WGC: Australia, US in line to meet Chinese LNG demand

July 9, 2018
Future incremental Chinese demand for LNG will be met first from Australia and next by expansions to already approved US plants, Hans Kristian Danielsen, DNV GL Oil & Gas sales director and vice-president for marketing, told Oil & Gas Journal at the World Gas Conference in Washington, DC.

Future incremental Chinese demand for LNG will be met first from Australia and next by expansions to already approved US plants, Hans Kristian Danielsen, DNV GL Oil & Gas sales director and vice-president for marketing, told Oil & Gas Journal at the World Gas Conference in Washington, DC. Chinese demand growth not met by these two supply sources would fall to greenfield developments in the US, Australia, and elsewhere, Danielsen continued.

Danielsen mentioned both Cameron LNG in Hackberry, La., and Cheniere Energy’s Sabine Pass LNG plant as possible US sources of shipments to China. Cameron LNG’s liquefaction plant, currently under construction and scheduled to put its roughly 5 million-tonne/year Train 1 into service by yearend 2019, will have a total export capacity of 14.95 million tpy (2.1 bcfd of natural gas) from its first three trains.

A planned two-train expansion would increase capacity to 24.92 million tpy.

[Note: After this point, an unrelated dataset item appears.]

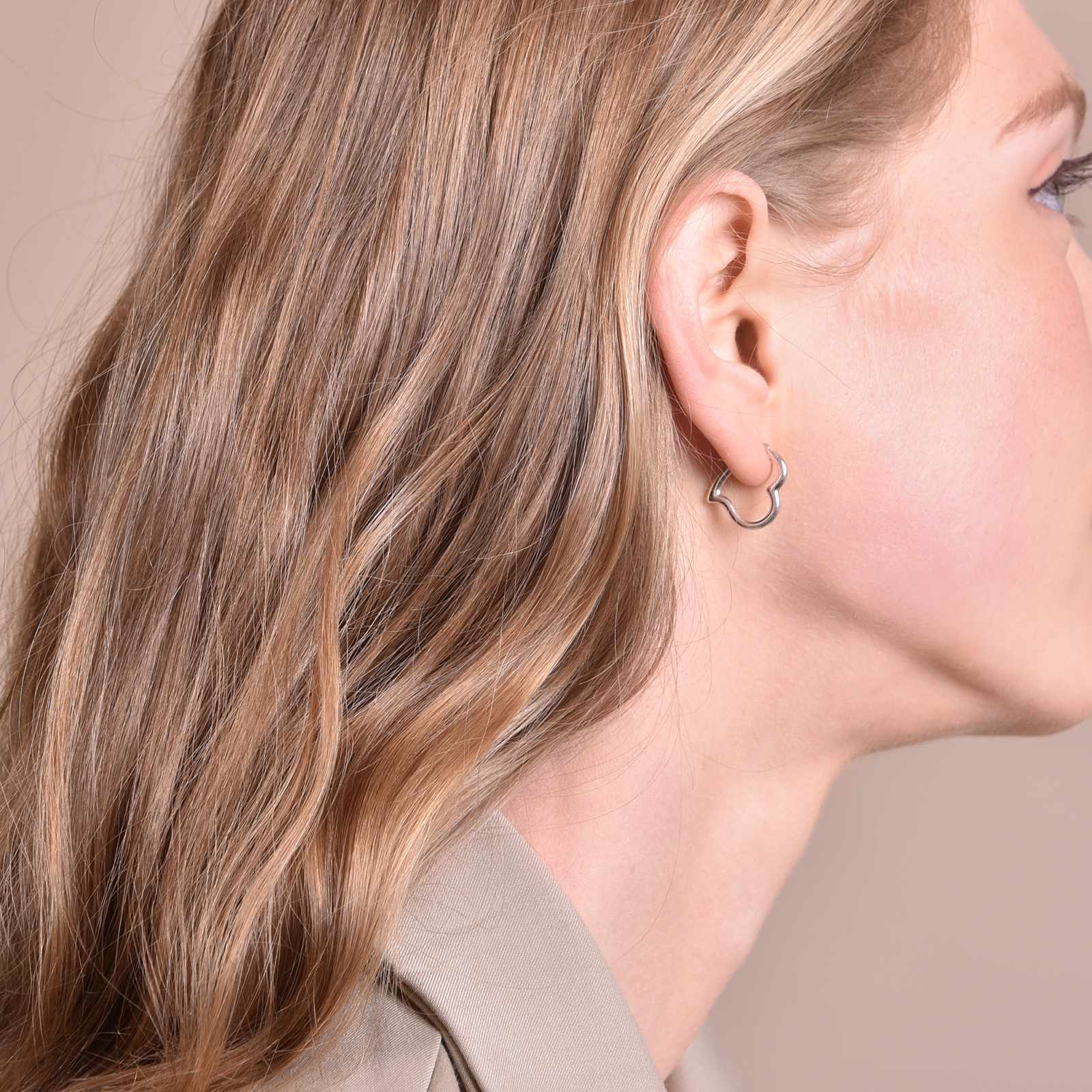 Chic, romantic and unique in a subtle way. Introducing Enora Deco Heart Earrings (Silver) - a French style love huggie for muses who love something different. Elevated from traditional love heart earrings, this design features love hearts that face towards the front. The earrings are made of solid sterling silver to ensure durability and hypoallergenic wear. There is also a solid feel of weight to the earrings. Perfect for modern, retro, dainty, chic, feminine, girly, earring layering, minimalist, smart casual, casual, everyday styles and more. Also suitable for teens and kids. Hypoallergenic, nickel, cadmium and lead free.

The expansion has received necessary authorizations from both the US Federal Energy Regulatory Commission and Department of Energy, but Cameron LNG’s partners—Sempra LNG & Midstream, Mitsui & Co., Mitsubishi Corp., Engie, and NYK Line—have not yet decided to expand.

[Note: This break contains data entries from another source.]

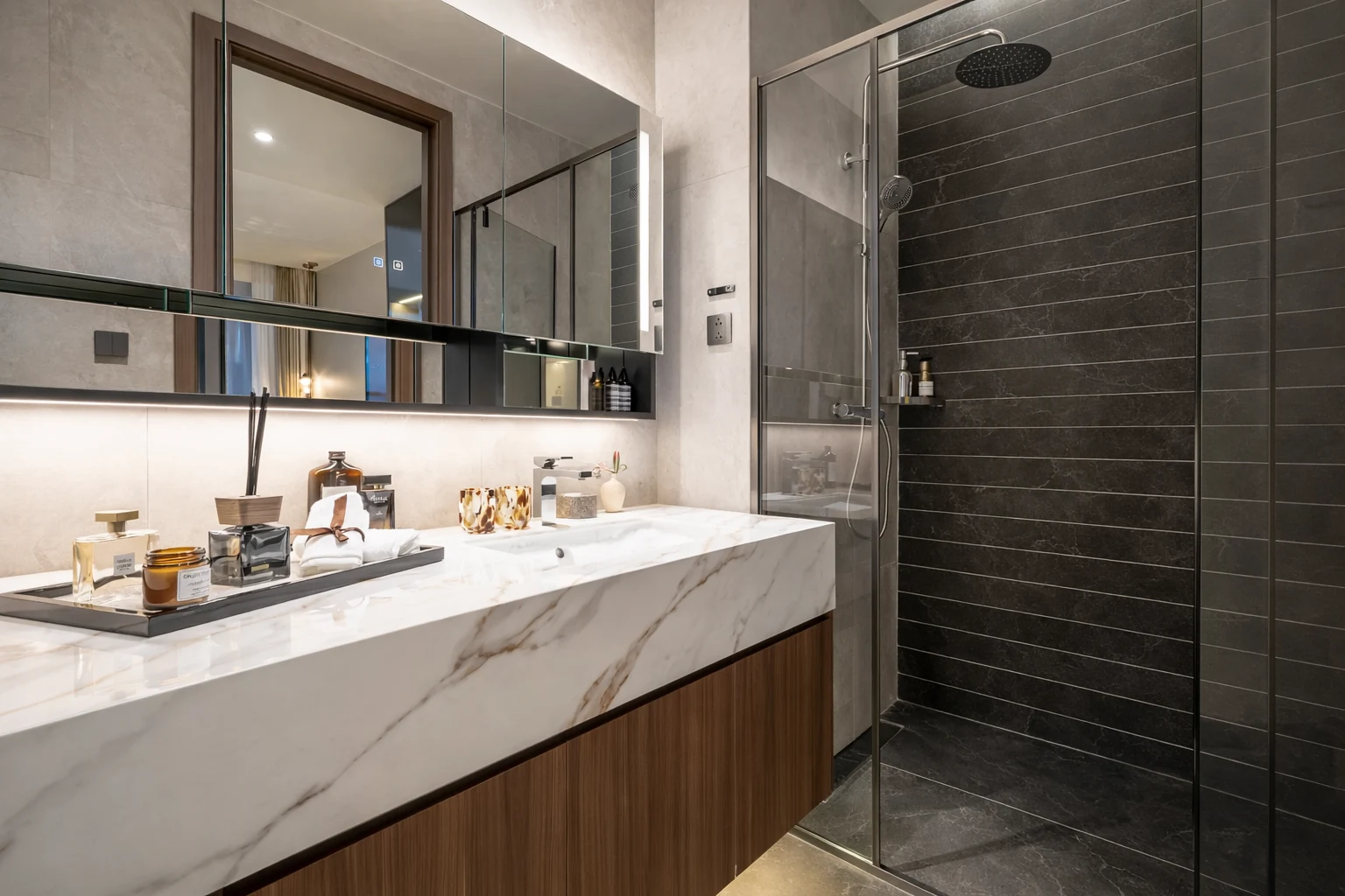 The unit mix typically includes upgraded studios and 1-, 2-, and 3-bedroom apartments. Listings show examples such as a 2-bedroom, 2-bath unit around 75.51 sqm, with overall options starting from roughly 43 sqm and scaling up into larger family layouts.
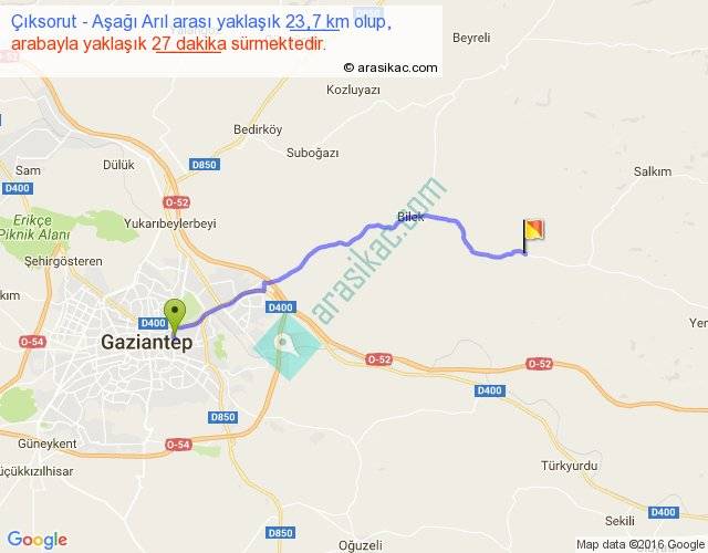 Çıksorut - Aşağı Arıl arası yaklaşık olarak 90 km/h ile yukarıda belirtilen sürede olup, iki yerin kuş uçuşu uzaklığı (mesafesi) 20'dir. Yolculuk otobüsle 35 dakika sürmektedir.
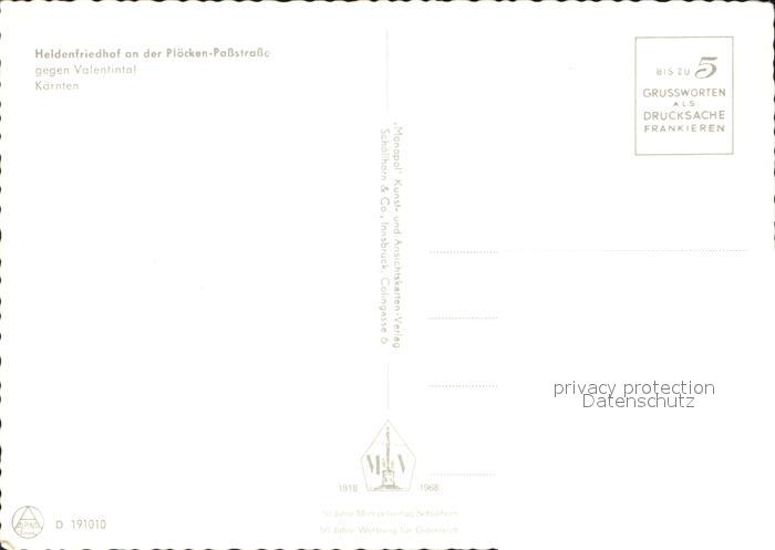 72312606 Kaernten Heldenfriedhof an der Ploecken Passstrasse im Valentintal postalisch nicht gelaufen Erhaltung siehe scans KatCode: 11390211020201
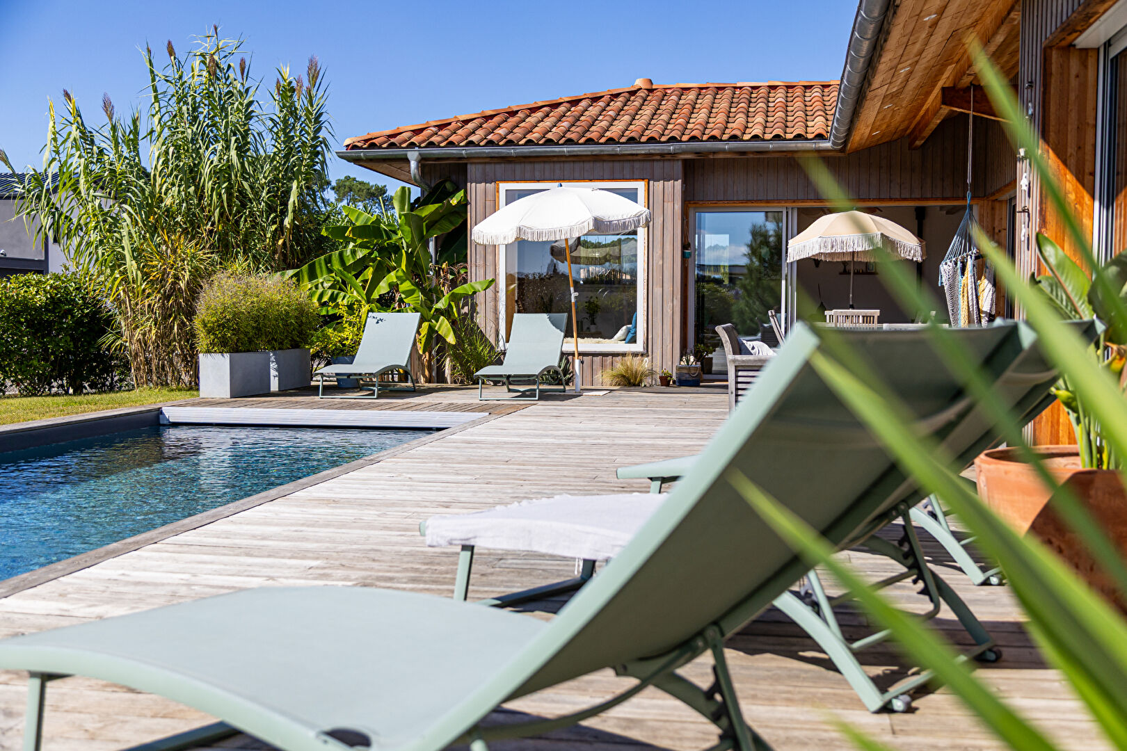 Découvrez cette magnifique maison récente, offrant des prestations haut de gamme et un confort absolu. Située au calme, dans un quartier recherché de Seignosse, elle bénéficie d'une proximité immédiate avec Hossegor et les plages sauvages de la côte landaise.
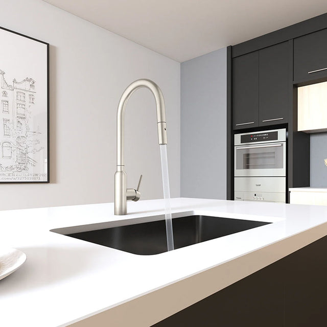 Navona Carysil Round Pull out Kitchen Mixer Brushed Nickel

Sabine Pass LNG has four trains in operation and expects Train 5 to enter service in second-quarter 2019. A sixth train is also planned, but without a published timeline. Each train has a 4.5 million-tpy capacity, totaling an eventual 27 million tpy.

Cheniere also has made a final investment decision on Train 3 at its Corpus Christi, Tex., liquefaction project, adding 4.5 million tpy to an already planned 9 million-tpy site. Trains 1 and 2 are expected to enter service in 2019. No timeline is in place for Train 3.

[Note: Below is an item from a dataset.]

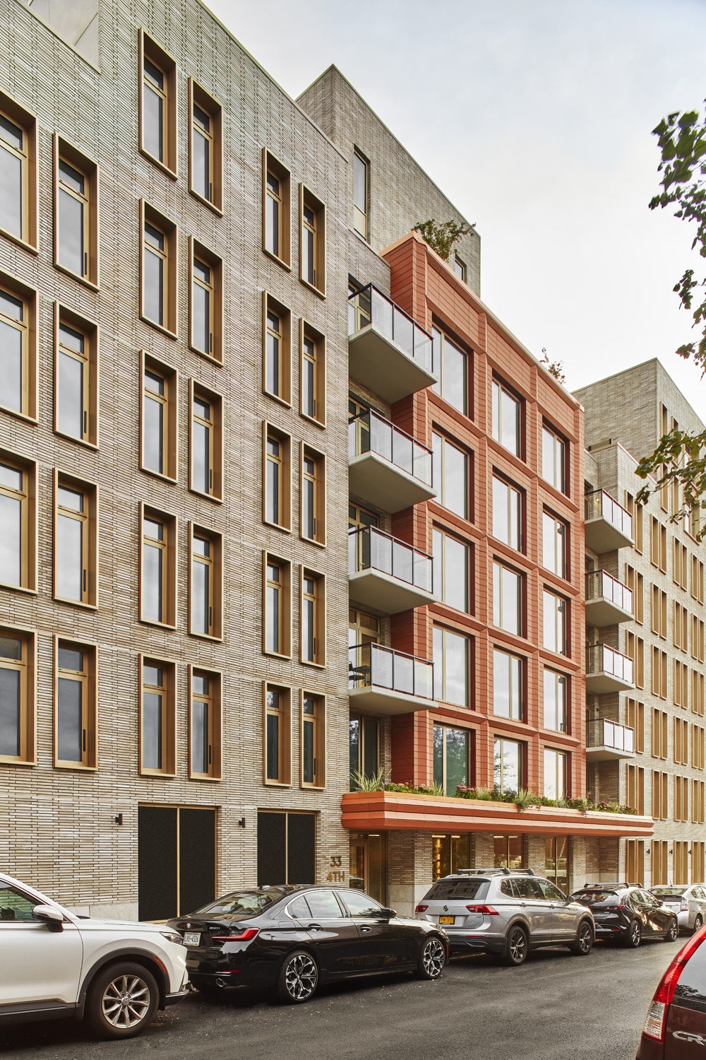 33 4th Street is an eight-story multifamily rental building in the newly rezoned Gowanus, comprising 82 thoughtfully crafted units. The design draws inspiration from Brooklyn’s industrial legacy, referencing iconic brick factories and warehouses through materiality and form. A faceted terracotta rainscreen system, brick veneer, green canopy, and articulated shadow boxes create a façade of depth, rhythm, and texture, while the terracotta imbues the building with artistry and timeless character. Clean lines, precise detailing, and robust materials balance modern refinement with contextual resonance. Landscaped rear yard amenities and multiple roof terraces extend living spaces outdoors, fostering connection and comfort within the urban fabric. The project exemplifies a considered, contemporary response to place, merging functional excellence with a distinctive architectural presence that elevates the evolving Gowanus streetscape.

The success of any of these Gulf Coast projects also will depend on relieving pipeline bottlenecks between US production basins and the potential export locations.

Woodside Petroleum Ltd.’s Scarborough gas field would be a primary candidate to meet continued increases in Chinese demand, Danielsen noted. Woodside earlier this year acquired ExxonMobil Corp.’s 50% interest in retention lease WA-1-R offshore western Australia, containing most of the yet-to-be-developed field (OGJ Online, Feb. 14, 2018). The acquisition raised Woodside’s stake to 75%, with BHP Billiton holding the balance.

Woodside will also be adding a second production train (5 million tpy) at its Pluto liquefaction plant to handle Scarborough’s output. The company expects to start production from the field in 2023, with the expanded capacity at Pluto starting a year later. Gas would be liquified in the interim at the North West Shelf joint ventures’s Karratha plant. Expected cost for Scarborough’s development and Pluto’s expansion is $9.7 billion.